Generating a new public/private key pair
Generating a self-signed Certificate
Attaching thing: xxxxxxxxxxxxxxxx to principal: arn:aws:iot:us-west-2:XXXXXXXXXXXXXX:cert/XXXXXXXXXXXXXXXXXXXXXXXXXXXXXXXXXXXXXXXXXXXXXXXXXXXXXXXXXXXXXXXX
Attaching the "AllowAllDev" policy to the device certificate.
Importing root ca certificate: "Starfield Services Root Certificate Authority - G2"
Provisioning process complete. Resetting target device...

Commandline Options

The provision.py script has a variety of command line options that may be used to modify it's behavior.

The --verbose option is particularly useful for debugging.
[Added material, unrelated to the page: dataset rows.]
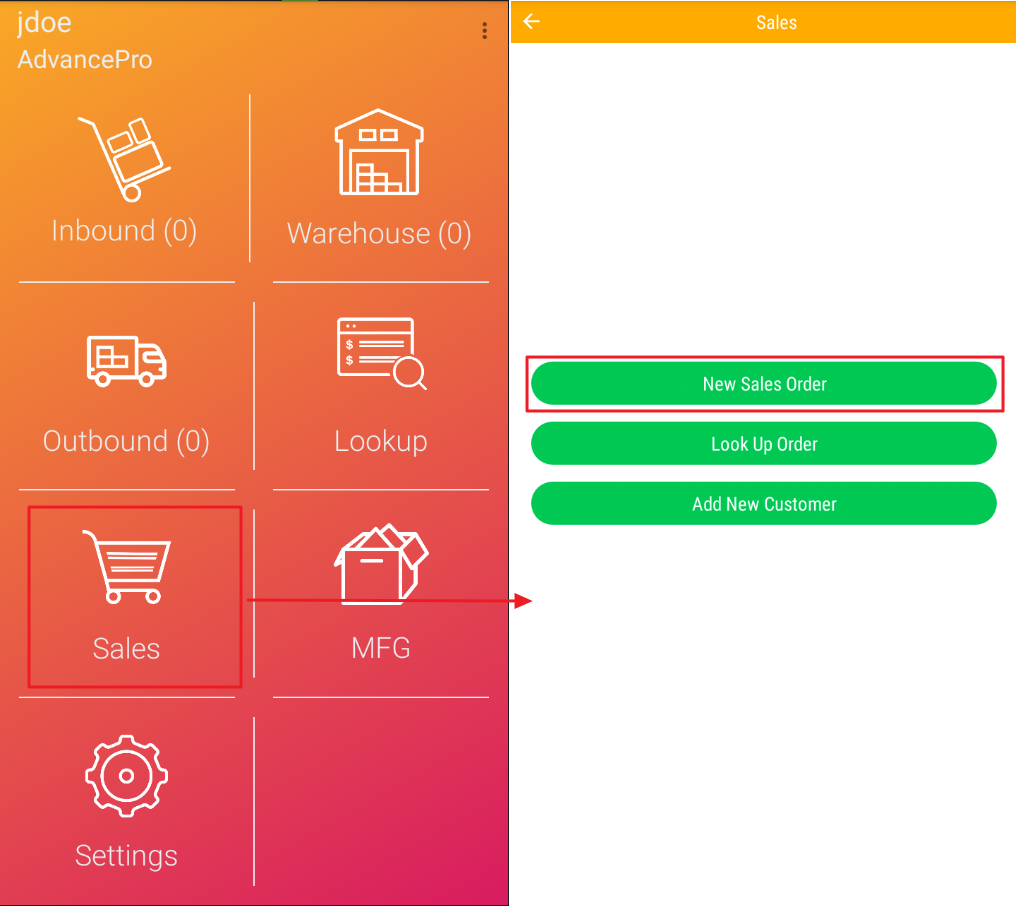 - Let's try accessing the feature on Sales. Go back to the main screen and tap on Sales > New Sales Order
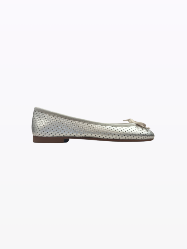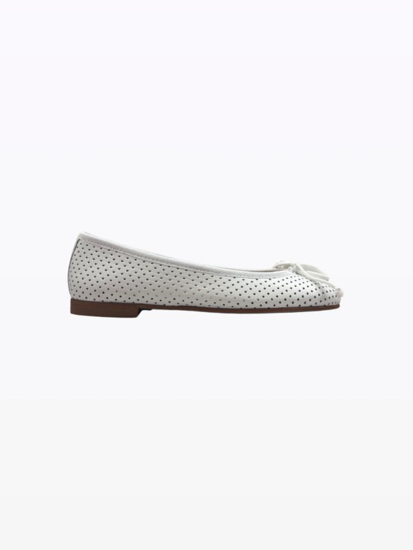 Ballerine effet pieds nus idéal pour toutes les morphologies. Cuir de veau italien perforé, doublure cuir. 1 cm de talon. Semelle en cuir 4 saisons. Résiste à la pluie. MADE IN ITALY Barefoot effect ballerina ideal for all body types. Perforated Italian calfskin, leather lining. 1 cm heel. 4 seasons leather sole. Resists rain.
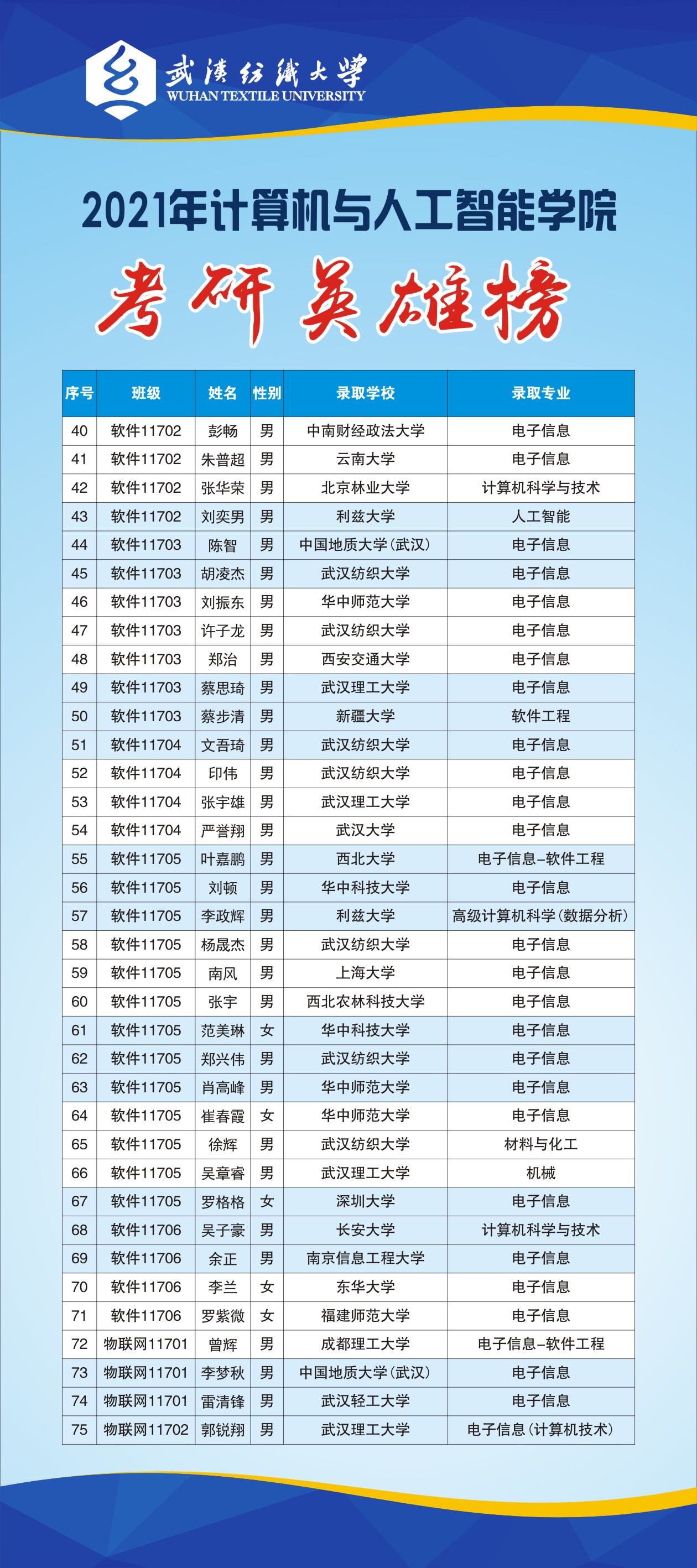 公司2006年获得计算机及应用专业硕士学位授予权,2010年获得计算机科学与技术一级学科硕士学位授予权,并于2012年获批湖北省重点培育学科,2016年计算机科学与技术学科在第四轮学科评估C-;2012 年获软件工程专业硕士学位授予权,2018年通过专业硕士学位点专项评估。
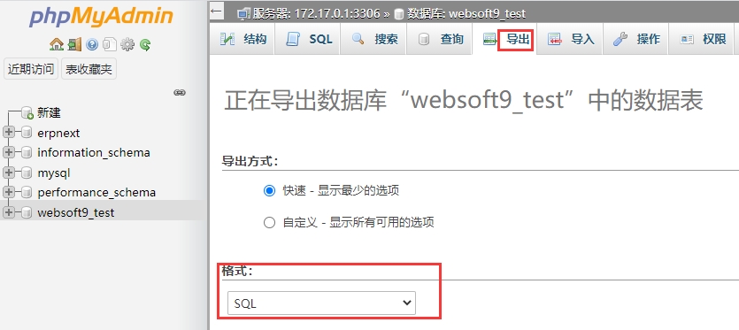 左侧菜单中选择所需的数据库,顶部导航栏上选择“导出”标签
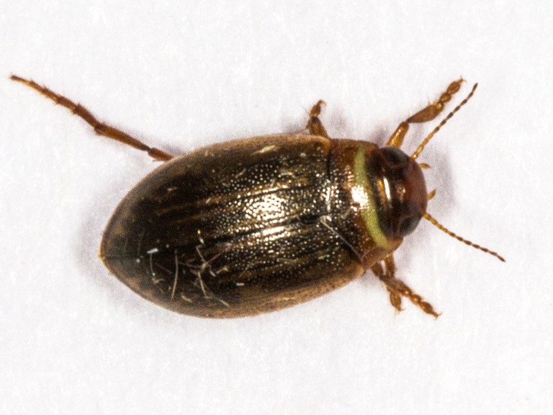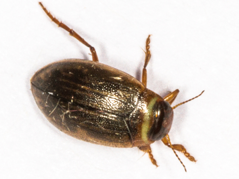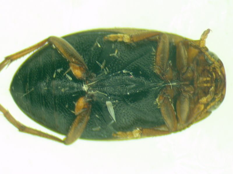 At 4.6mm long, lacking a visible scutellum and clearly having 5 tarsal segments on its fore and mid tarsi, this keyed quite easily to Laccophilus. The size and absence of a stridulatory file on the hind coxae identified it as minutus. Most photos of this species I found online seemed to show paler and more strongly-patterned elytra but these are variable.
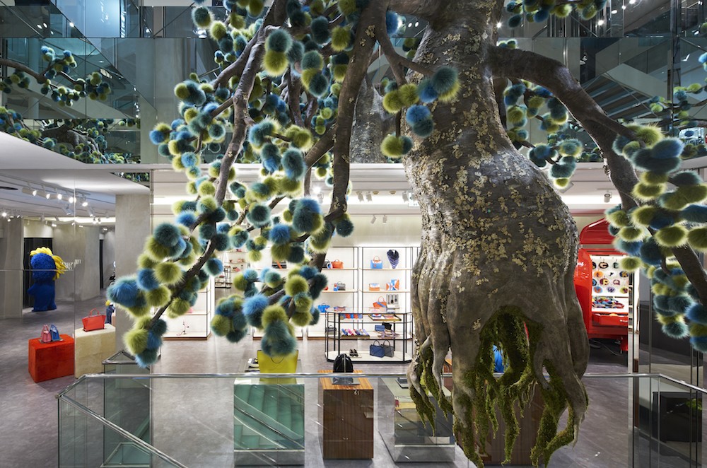 The mood inside is "like that of a theme park" and includes a giant version of the Karlito doll, conceived by Fendi's Creative Director Karl Lagerfeld, next to the famous Italian three-wheel 'Ape' scooters. A pop-up art piece titled 'Fur Tree' has also been created by Japanese artist Makoto Azuma, who specialises in unusual floral compositions, for the occasion.
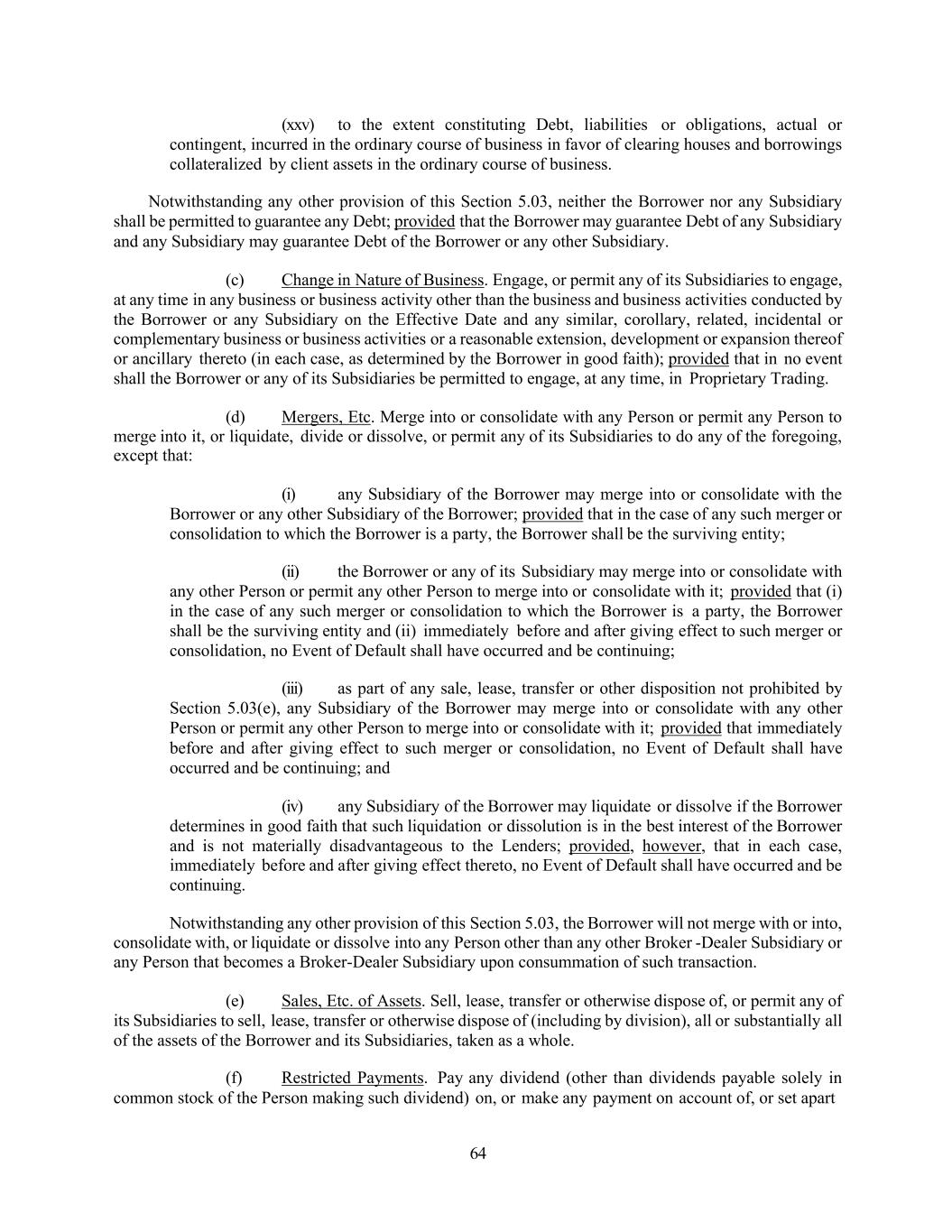 64 (xxv) to the extent constituting Debt, liabilities or obligations, actual or contingent, incurred in the ordinary course of business in favor of clearing houses and borrowings collateralized by client assets in the ordinary course of business. Notwithstanding any other provision of this Section 5.03, neither the Borrower nor any Subsidiary shall be permitted to guarantee any Debt; provided that the Borrower may guarantee Debt of any Subsidiary and any Subsidiary may guarantee Debt of the Borrower or any other Subsidiary. (c) Change in Nature of Business. Engage, or permit any of its Subsidiaries to engage, at any time in any business or business activity other than the business and business activities conducted by the Borrower or any Subsidiary on the Effective Date and any similar, corollary, related, incidental or complementary business or business activities or a reasonable extension, development or expansion thereof or ancillary thereto (in each case, as determined by the Borrower in good faith); provided that in no event shall the Borrower or any of its Subsidiaries be permitted to engage, at any time, in Proprietary Trading. (d) Mergers, Etc. Merge into or consolidate with any Person or permit any Person to merge into it, or liquidate, divide or dissolve, or permit any of its Subsidiaries to do any of the foregoing, except that: (i) any Subsidiary of the Borrower may merge into or consolidate with the Borrower or any other Subsidiary of the Borrower; provided that in the case of any such merger or consolidation to which the Borrower is a party, the Borrower shall be the surviving entity; (ii) the Borrower or any of its Subsidiary may merge into or consolidate with any other Person or permit any other Person to merge into or consolidate with it; provided that (i) in the case of any such merger or consolidation to which the Borrower is a party, the Borrower shall be the surviving entity and (ii) immediately before and after giving effect to such merger or consolidation, no Event of Default shall have occurred and be continuing; (iii) as part of any sale, lease, transfer or other disposition not prohibited by Section 5.03(e), any Subsidiary of the Borrower may merge into or consolidate with any other Person or permit any other Person to merge into or consolidate with it; provided that immediately before and after giving effect to such merger or consolidation, no Event of Default shall have occurred and be continuing; and (iv) any Subsidiary of the Borrower may liquidate or dissolve if the Borrower determines in good faith that such liquidation or dissolution is in the best interest of the Borrower and is not materially disadvantageous to the Lenders; provided, however, that in each case, immediately before and after giving effect thereto, no Event of Default shall have occurred and be continuing. Notwithstanding any other provision of this Section 5.03, the Borrower will not merge with or into, consolidate with, or liquidate or dissolve into any Person other than any other Broker -Dealer Subsidiary or any Person that becomes a Broker-Dealer Subsidiary upon consummation of such transaction. (e) Sales, Etc. of Assets. Sell, lease, transfer or otherwise dispose of, or permit any of its Subsidiaries to sell, lease, transfer or otherwise dispose of (including by division), all or substantially all of the assets of the Borrower and its Subsidiaries, taken as a whole. (f) Restricted Payments. Pay any dividend (other than dividends payable solely in common stock of the Person making such dividend) on, or make any payment on account of, or set apart
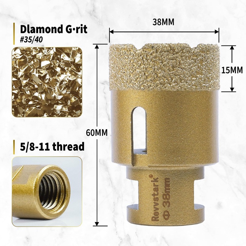 - Specifications: Diameter: 38 mm (1-1/2 inch), Diamond Height:15 mm, Total Length: 60 mm, Thread: 5/8-11, Diamond Grit: #35/40

The --cert-issuer option may be set to either self to generate a self-signed certificate on the device or aws to generate a Certificate Signing Request and issue the cert using the AWS IoT CreateCertificateFromCsr API.

The --aws options may be used to provide AWS credentials to the script. By default, provision.py will source AWS credentials from the following sources in order:

  • Commandline Arguments
  • Environment Variables
  • The ~/.aws/config file, with the Profile Name specified or default if not specified.
Argument Cli Argument Env Variable Lifetime Description
Profile Name --aws-profile AWS_PROFILE Profile name for the target account used in ~/.aws/config. Only needed when authenticating via a configuration in ~/.aws/config.
Region Name --aws-region AWS_DEFAULT_REGION Long AWS Region to connect to
Access Key ID --aws-access-key-id AWS_ACCESS_KEY_ID Short or Long ID of a long term Access Key tied to a particular IAM User or a short term Access Key tied to a particular IAM Role
Secret Access Key --aws-secret-access-key AWS_SECRET_ACCESS_KEY Short or Long The corresponding secret to the given Access Key ID
Session Token --aws-session-token AWS_SESSION_TOKEN Short Used with temporary access credentials for an IAM Role issued by the AWS Security Token Service
usage: provision.py [-h] [-i] [-v] [-d DEVICE] [--wifi-ssid WIFI_SSID]
                    [--wifi-credential WIFI_CREDENTIAL]
                    [--thing-name THING_NAME]
                    [--cert-issuer {self,aws}]
                    [--aws-profile AWS_PROFILE]
                    [--aws-region AWS_REGION]
                    [--aws-access-key-id AWS_ACCESS_KEY_ID]
                    [--aws-secret-access-key AWS_SECRET_ACCESS_KEY]
                    [--aws-session-token AWS_SESSION_TOKEN]

optional arguments:
  -h, --help            show this help message and exit
  -i, --interactive
  -v, --verbose
  -d DEVICE, --device DEVICE
  --wifi-ssid WIFI_SSID
  --wifi-credential WIFI_CREDENTIAL
  --thing-name THING_NAME
  --cert-issuer {self,aws}
  --aws-profile AWS_PROFILE
  --aws-region AWS_REGION
  --aws-access-key-id AWS_ACCESS_KEY_ID
  --aws-secret-access-key AWS_SECRET_ACCESS_KEY
  --aws-session-token AWS_SESSION_TOKEN

Option 8B: Provision manually via CLI

Open the target board's serial port with your favorite serial terminal. Some common options are terraterm, putty, screen, minicom, and picocom. Additionally a serial terminal is included in the pyserial package installed in the workspace python environment.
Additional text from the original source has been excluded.